The Last Monday

JavaScript (Firefox 30+), 112 109 103 95 bytes

Look ma, no built-ins!

y=>[for(m of(i=0,y%4|y%400*!(y%100)&&6)+"63153042641")if((i++,y+(y>>2)-(y/100|0)*3/4|0)%7==m)i]

Here's a 107-byte ES6 version:

y=>[...(y%4|y%400*!(y%100)&&6)+"63153042641"].map((m,i)=>(y+(y>>2)-(y/100|0)*3/4|0)%7-m?0:i+1).filter(x=>x)

And here's my previous attempt, 123 113 bytes of ES6:

y=>[(l=y%4|y%400*!(y%100))?[7]:[1,7],[4,12],[9],[3,6],[8,11],[5],l?[1,2,10]:[2,10]][(y+(y>>2)-(y/100|0)*3/4|0)%7]

Explanation

The day of the week of a particular year is calculated like so:

y+(y>>2)-(y/100|0)*3/4|0)%7

In other words:

• Take y.
• Add the number of 4th years before y (y>>2).
• Subtract the number of 100th years before y (y/100|0).
• Add back in the number of 400th years before y; this is 1/4 of y/100|0, so we use *3/4|0.

Then we modulo the result by 7. If we let 0 mean Sunday, 1 mean Monday, etc., the result corresponds to the day of the week of December 31st of that year. Therefore, for December, we want to check if the result is 1. This gives us the last char in the string.

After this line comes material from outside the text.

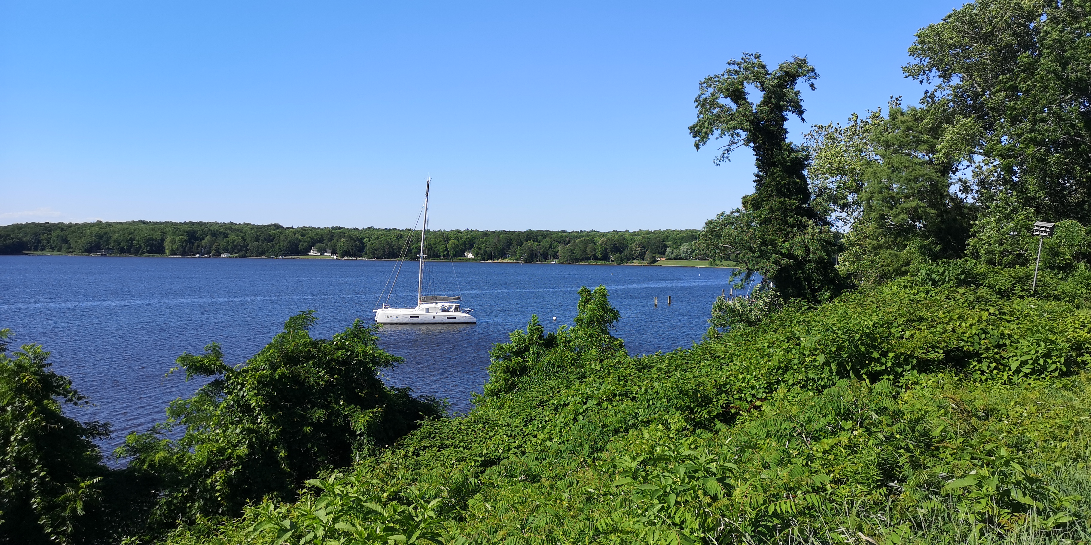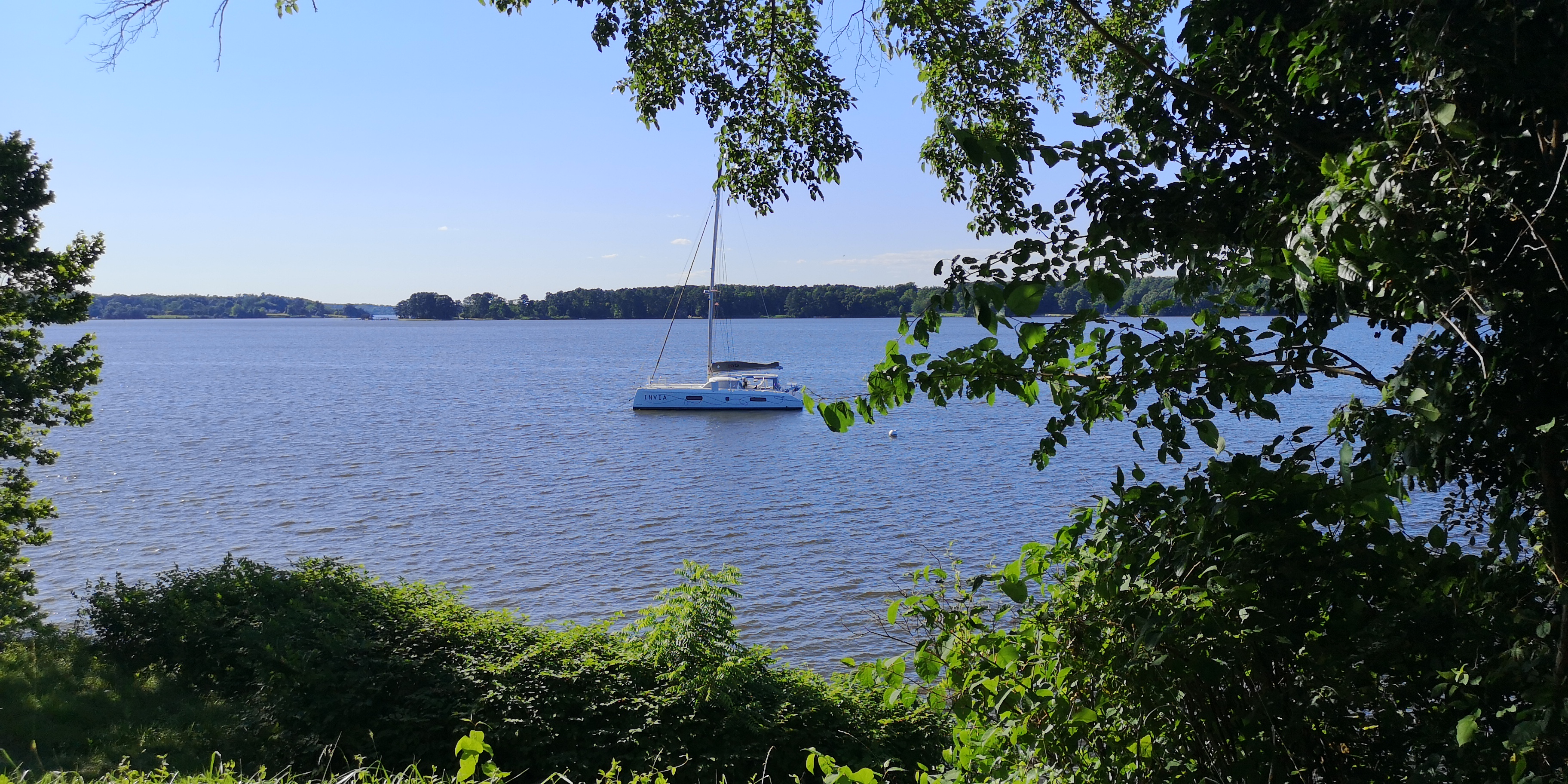 Aber ich möchte zum Impftermin nicht vor Anker, sondern in einer Marina liegen. Falls einer von uns stärkere Nebenwirkungen verspürt sollte medizinische Hilfe unkompliziert an Bord kommen können. Auch wenn sich nur einer von uns krank fühlen sollte, ist es mit direktem Landanschluss und einer Marina-Infrastruktur angenehmer: Mit Landstrom können wir die Klimaanlage laufen lassen, jederzeit von Bord, haben genug Wasser usw. Die Chesapeake Bay hat viele Marinas und zig Tausende, eher wohl Hunderttausende, von Liegeplätzen. Nur sind die meisten für kleinere Schiffe, meist Motorboote, ausgelegt. Ein 51 Fuss langer Katamaran wie INVIA sprengt vielfach die Grenzen. Deswegen müssen wir rechtzeitig im Voraus reservieren – und sind daher weniger flexibel. Für unseren Impftermin habe ich uns 4 Nächte in der Safe Harbor Marina Zahnisers gebucht. Den Termin wollen wir einhalten. Solomons Islands liegt nur etwa 8 Meilen von Leonhardtown entfernt – wenn man den Landweg nimmt. Übers Wasser hingegen ist es erheblich länger.

The last day of November is 31 days before the last day of December. This means that for the last day of November to be a Monday, Dec 31 needs to be a (1 + 31) % 7 = 4 = Thursday.

This procedure is repeated until we get back to March (a 3). Whether or not there is a leap day, the last day of February is 31 days before the last day of March, so we can calculate that too (it's (3 + 31) % 7 = 6). The tricky part is finding the correct value for January:

• If it is a leap year, the last day of January is 29 days before the last day of Feb, resulting in (6 + 29) % 7 = 0.
• Otherwise, it is 28 days before the last day of Feb, resulting in (6 + 28) % 7 = 6.

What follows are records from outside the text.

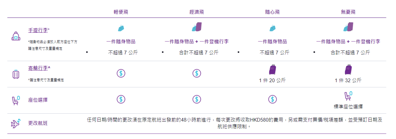3款票種任揀(圖:HK Express)
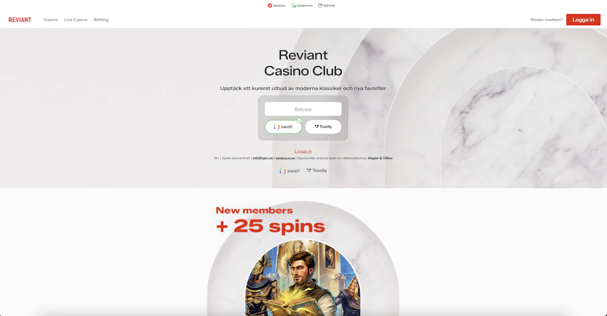 Reviant drivs som ett rent Pay n Play-casino, vilket innebär snabb registrering utan traditionella formulär. Inloggning och verifiering sker smidigt med BankID, och betalningar hanteras via Swish och Trustly.
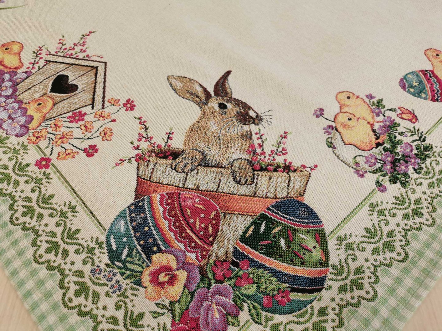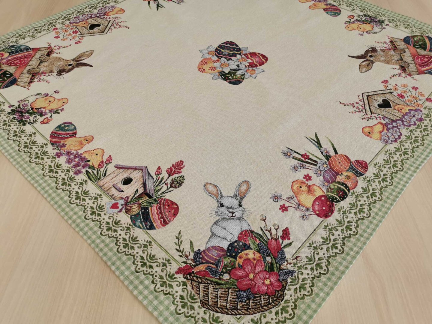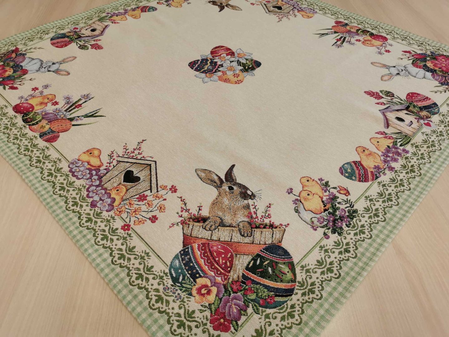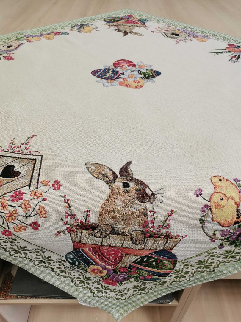 Húsvéti nyuszis 100 cm x 100 cm -es asztalközép, vastag goblein szerű anyagból.
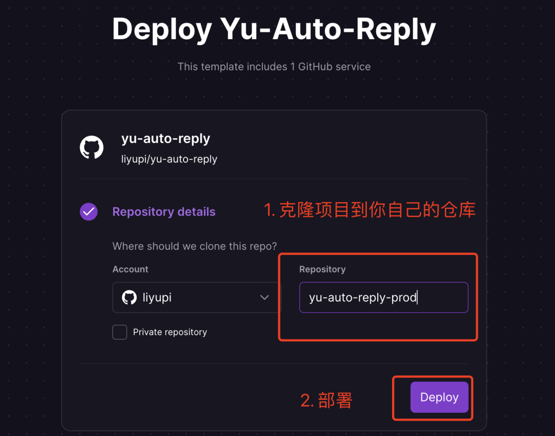 登录后,平台要帮你把鱼皮的项目克隆到你自己的 GitHub 仓库,这里需要填写一个仓库名称,别和自己之前的项目冲突就行~ 然后点击部署:
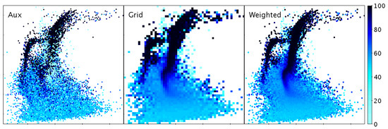Various representations of a 2-dimensional point cloud with a third dimension indicated by colour. Aux paints opaque coloured markers, which works for low-density regions, but at high density the appearance is noisy and depends on row sequence, since points painted later obscure earlier ones. Grid is a 2-d histogram weighted by the third coordinate; points in the same bin are averaged, but some spatial resolution is lost. Weighted is a hybrid density map/scatter plot but with pixel bins weighted by the third coordinate, providing clarity in both low and high density regions. The weighting combination method in the latter two cases is configurable; in this case the median has been used. Data are as for Figure 4 with the third coordinate indicating probability of cluster membership.
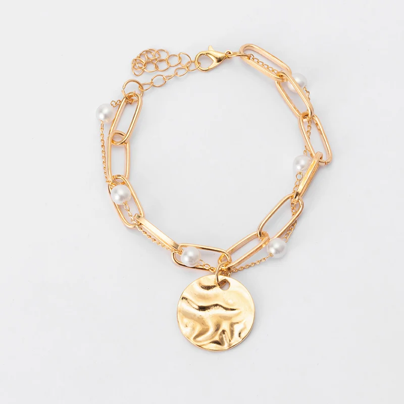 Модный трендовый простой металлический браслет для женщин 2021 с геометрическим жемчугом цепочка с фиксацией Индивидуальный Круглый узор очаровательные ювелирные изделия
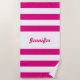 Chic Hot Pink and White Stripes Personalised Beach Towel
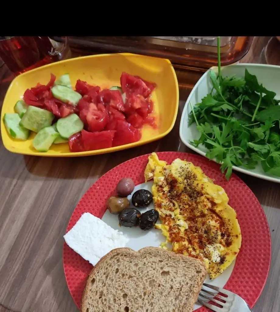 Çarşamba sabah 2 yumurta salata 1 minik tost zeytin
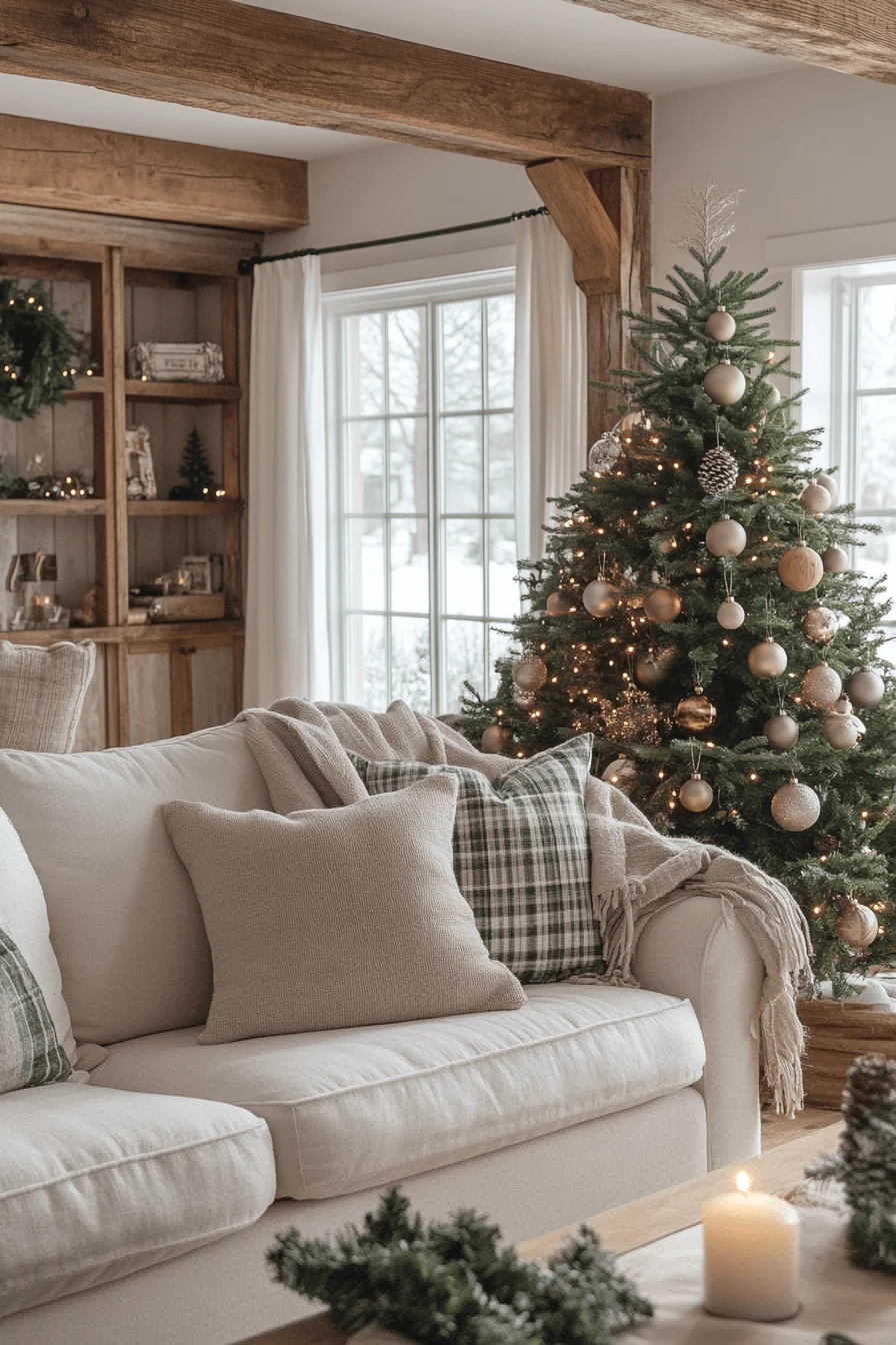 Combine rustic wood textures, plaid patterns, and natural greenery to create a warm farmhouse holiday vibe. A simple tree adorned with handcrafted ornaments adds authenticity. Layered blankets, lanterns, and candles complete this cozy, heartwarming setting.

We can calculate whether or not it is a leap year with the following snippet:

!(y%400)|y%100*!(y%4)

This gives 0 if y is not a leap year, and a positive integer otherwise. This leads us to

!(y%400)|y%100*!(y%4)?0:6

for calculating the day for January. However, we can do better by reversing the conditions:

y%4|y%400*!(y%100)?6:0

Since the falsy result is always 0 anyway, we can reduce it to

y%4|y%400*!(y%100)&&6

saving one more precious byte.

Putting it all together, we loop through each char in the string, checking if each is equal to the day of the week of Dec 31st. We keep the indexes of the ones that match, returning this array in the end. And that is how you do leap year calculations without built-ins.

JavaScript (Firefox 30-57), 67 65 64 63 61 bytes

y=>[for(_ of(m='')+1e11)if(new Date(y+400,++m).getDay()==2)m]

Saved 2 4 6 bytes thanks to @ETHproductions. Saved another byte by outputting the months in reverse order.

MySQL, 183 134 129 106 bytes

SET @y=2016;SELECT help_topic_id AS m FROM mysql.help_topic HAVING m BETWEEN 1 AND 12 AND 2=DAYOFWEEK(LAST_DAY(CONCAT(@y,-m,-1)))

Replace 2016 with the desired year. Run.

Rev. 2: Used the help_topics table in the default installation instead of creating a temporary table.

Rev.3: Adopted aross´s - trick and noticed I can also omit the quotes for "-1".
However, -1 is required in MySQL: I need a full date.

Rev.4: Restriction m BETWEEN 1 AND 12 could be done as m>0 AND m<13 (-6), but is not needed at all - invalid values will be ignored; warnings will be counted but not listed.